(Records from a data source)
● ● ● ●

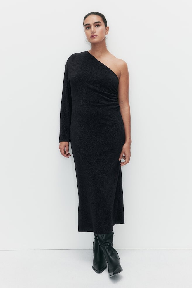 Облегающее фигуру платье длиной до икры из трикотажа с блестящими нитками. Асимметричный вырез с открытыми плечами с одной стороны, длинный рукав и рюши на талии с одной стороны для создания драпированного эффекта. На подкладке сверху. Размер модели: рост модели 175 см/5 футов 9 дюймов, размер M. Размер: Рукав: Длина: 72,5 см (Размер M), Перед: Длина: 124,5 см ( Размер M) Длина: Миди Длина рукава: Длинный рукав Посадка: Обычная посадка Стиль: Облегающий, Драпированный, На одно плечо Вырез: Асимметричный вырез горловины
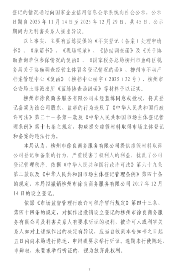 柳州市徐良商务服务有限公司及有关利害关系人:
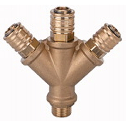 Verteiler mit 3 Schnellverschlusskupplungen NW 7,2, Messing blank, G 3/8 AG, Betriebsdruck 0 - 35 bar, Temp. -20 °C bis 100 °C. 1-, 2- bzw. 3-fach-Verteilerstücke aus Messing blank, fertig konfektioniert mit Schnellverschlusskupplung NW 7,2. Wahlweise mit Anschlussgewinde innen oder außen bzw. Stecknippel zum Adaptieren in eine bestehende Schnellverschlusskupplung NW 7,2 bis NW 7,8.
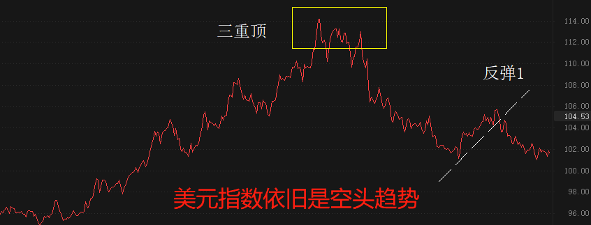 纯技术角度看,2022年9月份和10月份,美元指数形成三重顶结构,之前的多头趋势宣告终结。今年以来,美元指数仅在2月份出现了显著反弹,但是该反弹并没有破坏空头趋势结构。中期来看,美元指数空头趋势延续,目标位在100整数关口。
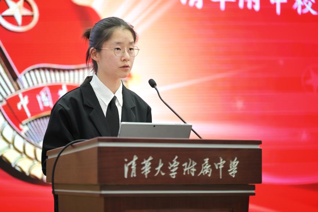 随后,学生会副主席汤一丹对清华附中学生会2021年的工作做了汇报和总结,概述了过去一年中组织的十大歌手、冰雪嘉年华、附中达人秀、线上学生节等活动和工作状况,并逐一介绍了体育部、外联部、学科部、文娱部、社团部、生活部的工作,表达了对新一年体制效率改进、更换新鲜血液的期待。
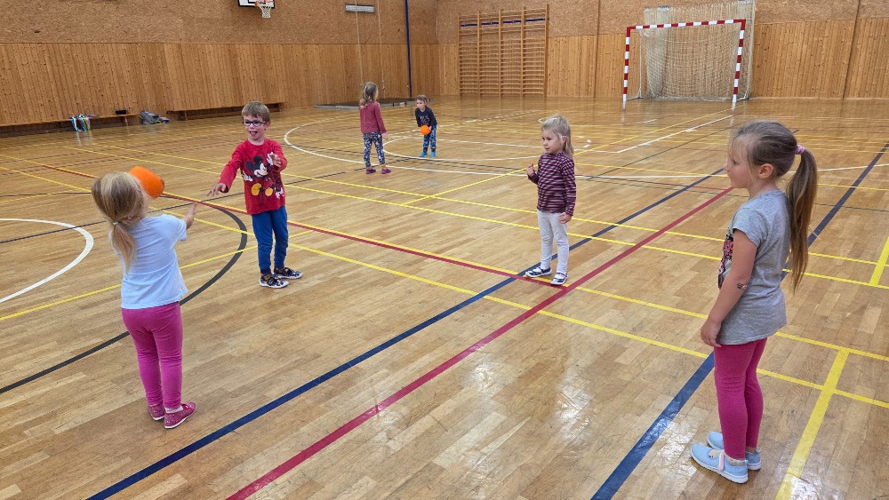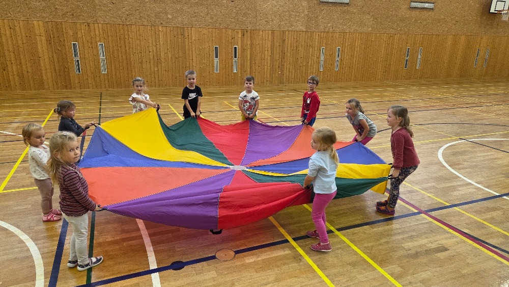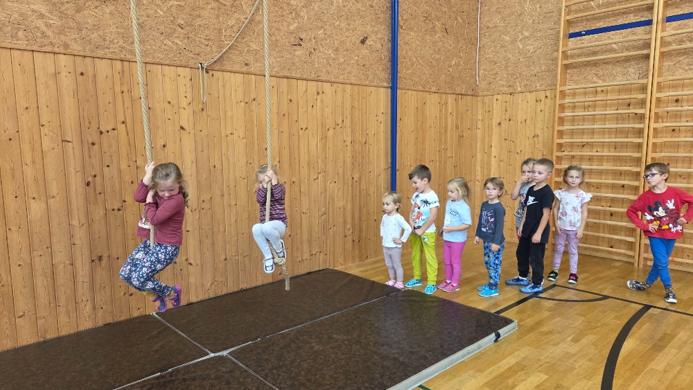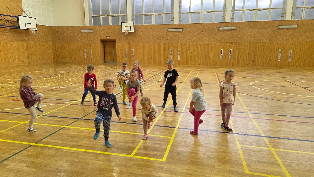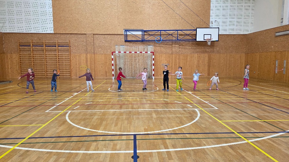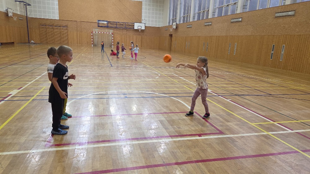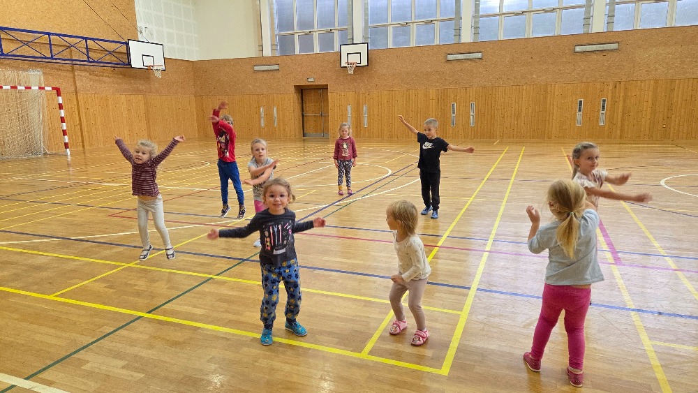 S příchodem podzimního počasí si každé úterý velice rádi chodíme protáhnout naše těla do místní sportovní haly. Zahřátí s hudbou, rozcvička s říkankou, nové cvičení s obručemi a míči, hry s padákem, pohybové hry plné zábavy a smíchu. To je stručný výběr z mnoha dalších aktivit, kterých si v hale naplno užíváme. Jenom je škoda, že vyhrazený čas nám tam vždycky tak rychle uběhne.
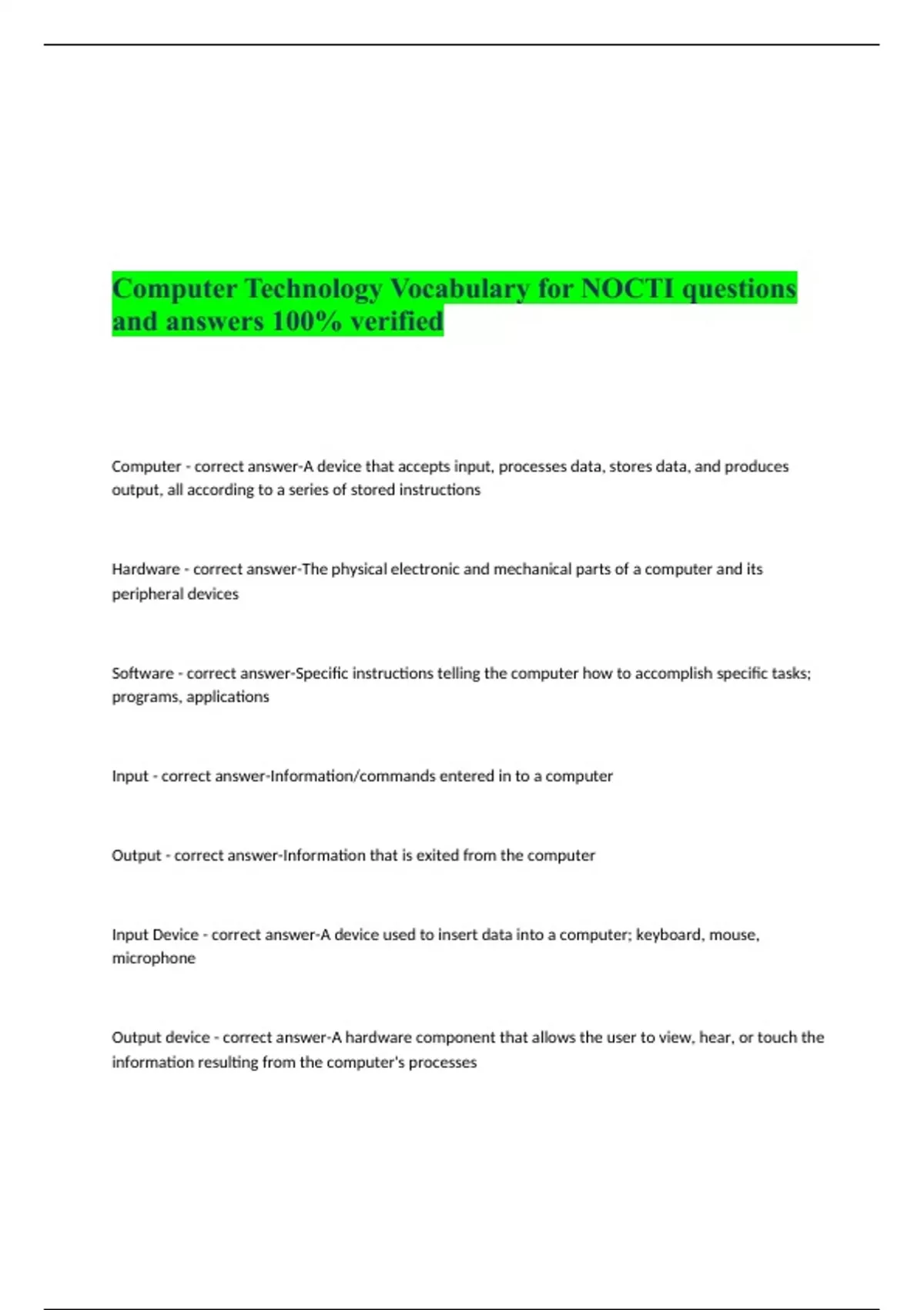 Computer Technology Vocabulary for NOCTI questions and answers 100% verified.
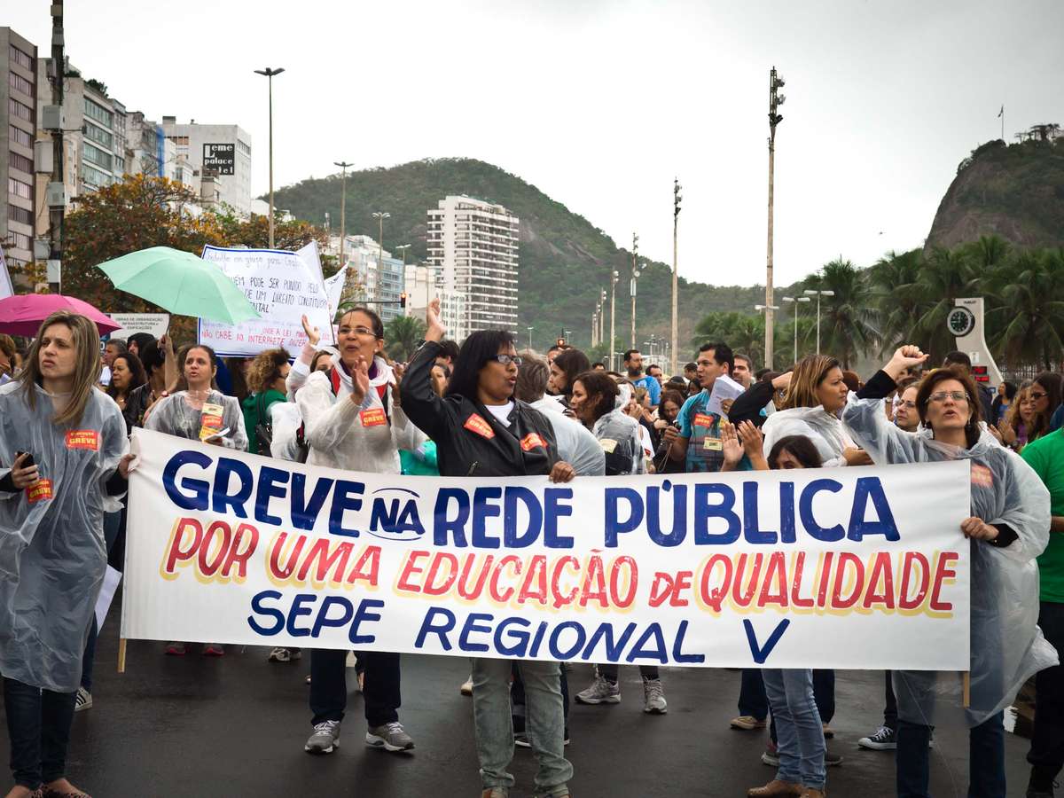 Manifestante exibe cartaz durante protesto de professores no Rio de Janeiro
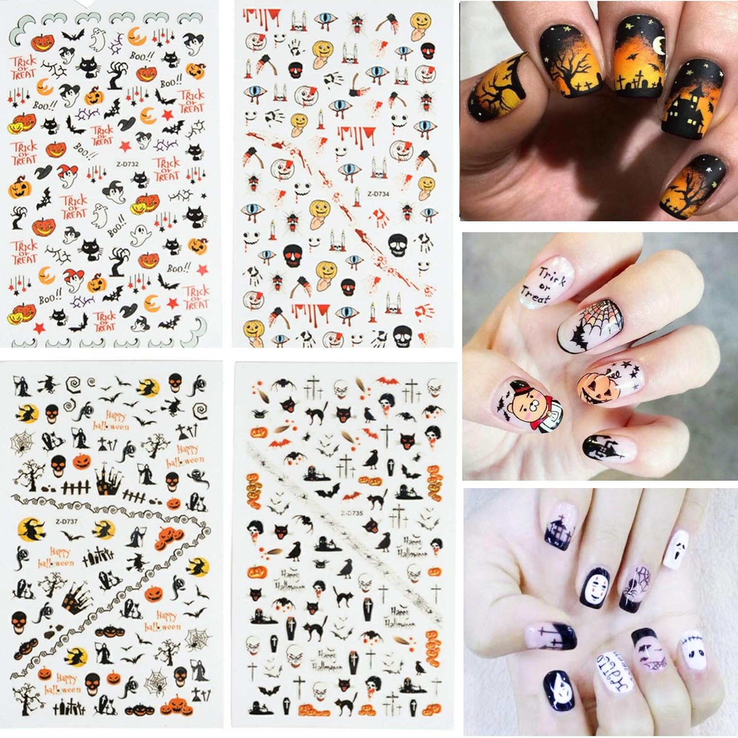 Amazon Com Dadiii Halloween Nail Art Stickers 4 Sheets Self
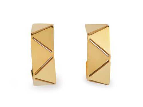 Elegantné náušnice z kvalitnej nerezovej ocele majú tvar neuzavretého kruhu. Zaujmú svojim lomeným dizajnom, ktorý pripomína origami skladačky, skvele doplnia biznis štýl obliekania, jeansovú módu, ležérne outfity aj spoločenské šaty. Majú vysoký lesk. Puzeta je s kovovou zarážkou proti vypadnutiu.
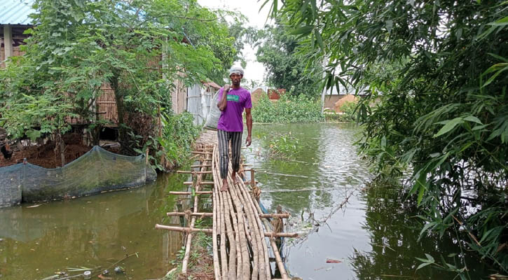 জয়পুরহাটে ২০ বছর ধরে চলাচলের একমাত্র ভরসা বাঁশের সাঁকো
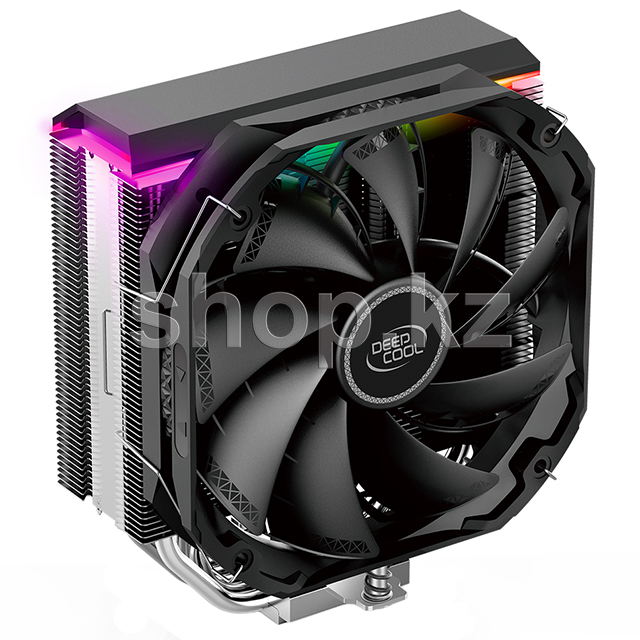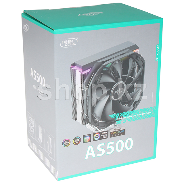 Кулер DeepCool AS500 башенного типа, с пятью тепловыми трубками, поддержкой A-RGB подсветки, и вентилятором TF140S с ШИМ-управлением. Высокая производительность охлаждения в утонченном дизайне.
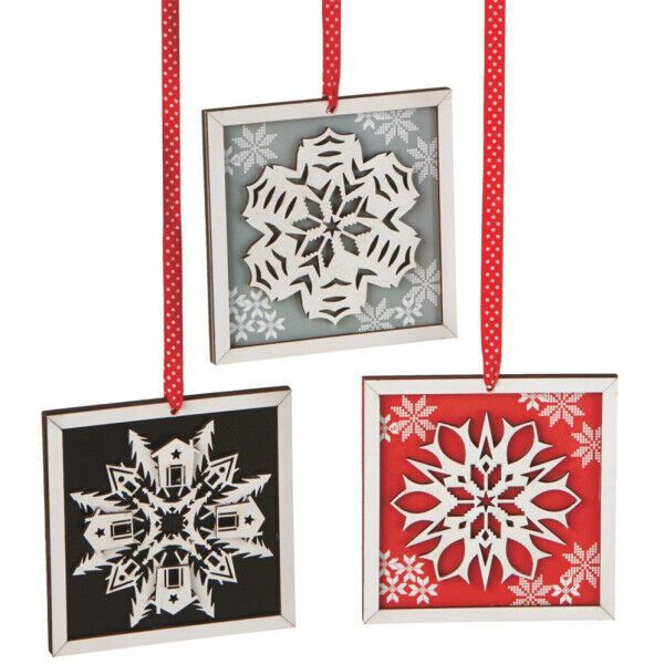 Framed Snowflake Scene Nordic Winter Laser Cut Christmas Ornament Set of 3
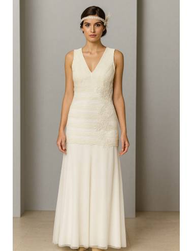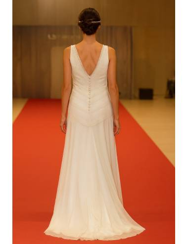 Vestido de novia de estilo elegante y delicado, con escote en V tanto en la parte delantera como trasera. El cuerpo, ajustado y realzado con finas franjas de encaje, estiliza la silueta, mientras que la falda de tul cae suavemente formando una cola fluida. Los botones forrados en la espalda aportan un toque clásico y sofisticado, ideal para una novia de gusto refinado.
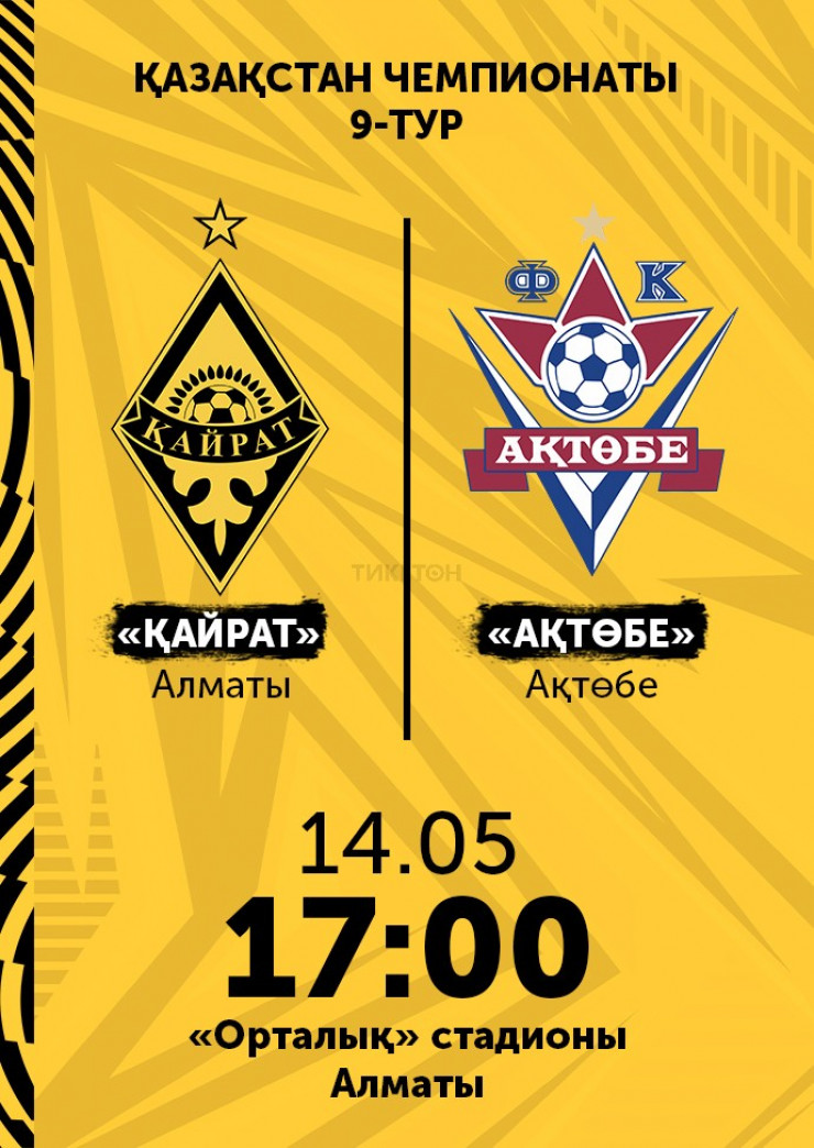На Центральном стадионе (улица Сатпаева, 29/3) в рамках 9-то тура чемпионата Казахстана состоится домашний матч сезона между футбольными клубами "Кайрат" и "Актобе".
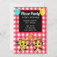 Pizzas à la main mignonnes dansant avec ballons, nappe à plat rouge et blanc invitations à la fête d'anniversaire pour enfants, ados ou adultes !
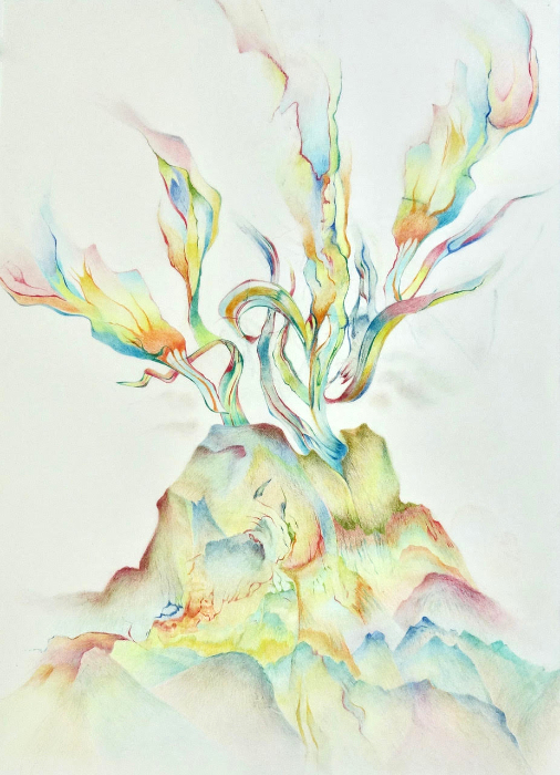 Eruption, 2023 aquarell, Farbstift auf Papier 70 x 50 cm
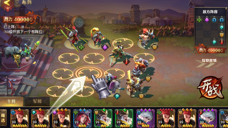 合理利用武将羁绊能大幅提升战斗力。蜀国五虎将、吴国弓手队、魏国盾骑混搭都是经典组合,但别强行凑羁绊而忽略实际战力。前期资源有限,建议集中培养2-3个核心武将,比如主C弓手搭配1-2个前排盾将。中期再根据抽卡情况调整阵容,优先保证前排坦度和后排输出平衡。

● ● ● ●

### ACTIVITY
Every record must be copied exactly, with images dropped from the result.

### ANSWER AREA
 Облегающее фигуру платье длиной до икры из трикотажа с блестящими нитками. Асимметричный вырез с открытыми плечами с одной стороны, длинный рукав и рюши на талии с одной стороны для создания драпированного эффекта. На подкладке сверху. Размер модели: рост модели 175 см/5 футов 9 дюймов, размер M. Размер: Рукав: Длина: 72,5 см (Размер M), Перед: Длина: 124,5 см ( Размер M) Длина: Миди Длина рукава: Длинный рукав Посадка: Обычная посадка Стиль: Облегающий, Драпированный, На одно плечо Вырез: Асимметричный вырез горловины
 柳州市徐良商务服务有限公司及有关利害关系人:
 Verteiler mit 3 Schnellverschlusskupplungen NW 7,2, Messing blank, G 3/8 AG, Betriebsdruck 0 - 35 bar, Temp. -20 °C bis 100 °C. 1-, 2- bzw. 3-fach-Verteilerstücke aus Messing blank, fertig konfektioniert mit Schnellverschlusskupplung NW 7,2. Wahlweise mit Anschlussgewinde innen oder außen bzw. Stecknippel zum Adaptieren in eine bestehende Schnellverschlusskupplung NW 7,2 bis NW 7,8.
 纯技术角度看,2022年9月份和10月份,美元指数形成三重顶结构,之前的多头趋势宣告终结。今年以来,美元指数仅在2月份出现了显著反弹,但是该反弹并没有破坏空头趋势结构。中期来看,美元指数空头趋势延续,目标位在100整数关口。
 随后,学生会副主席汤一丹对清华附中学生会2021年的工作做了汇报和总结,概述了过去一年中组织的十大歌手、冰雪嘉年华、附中达人秀、线上学生节等活动和工作状况,并逐一介绍了体育部、外联部、学科部、文娱部、社团部、生活部的工作,表达了对新一年体制效率改进、更换新鲜血液的期待。
 S příchodem podzimního počasí si každé úterý velice rádi chodíme protáhnout naše těla do místní sportovní haly. Zahřátí s hudbou, rozcvička s říkankou, nové cvičení s obručemi a míči, hry s padákem, pohybové hry plné zábavy a smíchu. To je stručný výběr z mnoha dalších aktivit, kterých si v hale naplno užíváme. Jenom je škoda, že vyhrazený čas nám tam vždycky tak rychle uběhne.
 Computer Technology Vocabulary for NOCTI questions and answers 100% verified.
 Manifestante exibe cartaz durante protesto de professores no Rio de Janeiro
 Amazon Com Dadiii Halloween Nail Art Stickers 4 Sheets Self
 Elegantné náušnice z kvalitnej nerezovej ocele majú tvar neuzavretého kruhu. Zaujmú svojim lomeným dizajnom, ktorý pripomína origami skladačky, skvele doplnia biznis štýl obliekania, jeansovú módu, ležérne outfity aj spoločenské šaty. Majú vysoký lesk. Puzeta je s kovovou zarážkou proti vypadnutiu.
 জয়পুরহাটে ২০ বছর ধরে চলাচলের একমাত্র ভরসা বাঁশের সাঁকো
 Кулер DeepCool AS500 башенного типа, с пятью тепловыми трубками, поддержкой A-RGB подсветки, и вентилятором TF140S с ШИМ-управлением. Высокая производительность охлаждения в утонченном дизайне.
 Framed Snowflake Scene Nordic Winter Laser Cut Christmas Ornament Set of 3
 Vestido de novia de estilo elegante y delicado, con escote en V tanto en la parte delantera como trasera. El cuerpo, ajustado y realzado con finas franjas de encaje, estiliza la silueta, mientras que la falda de tul cae suavemente formando una cola fluida. Los botones forrados en la espalda aportan un toque clásico y sofisticado, ideal para una novia de gusto refinado.
На Центральном стадионе (улица Сатпаева, 29/3) в рамках 9-то тура чемпионата Казахстана состоится домашний матч сезона между футбольными клубами "Кайрат" и "Актобе".
 Pizzas à la main mignonnes dansant avec ballons, nappe à plat rouge et blanc invitations à la fête d'anniversaire pour enfants, ados ou adultes !
 Eruption, 2023 aquarell, Farbstift auf Papier 70 x 50 cm
 合理利用武将羁绊能大幅提升战斗力。蜀国五虎将、吴国弓手队、魏国盾骑混搭都是经典组合,但别强行凑羁绊而忽略实际战力。前期资源有限,建议集中培养2-3个核心武将,比如主C弓手搭配1-2个前排盾将。中期再根据抽卡情况调整阵容,优先保证前排坦度和后排输出平衡。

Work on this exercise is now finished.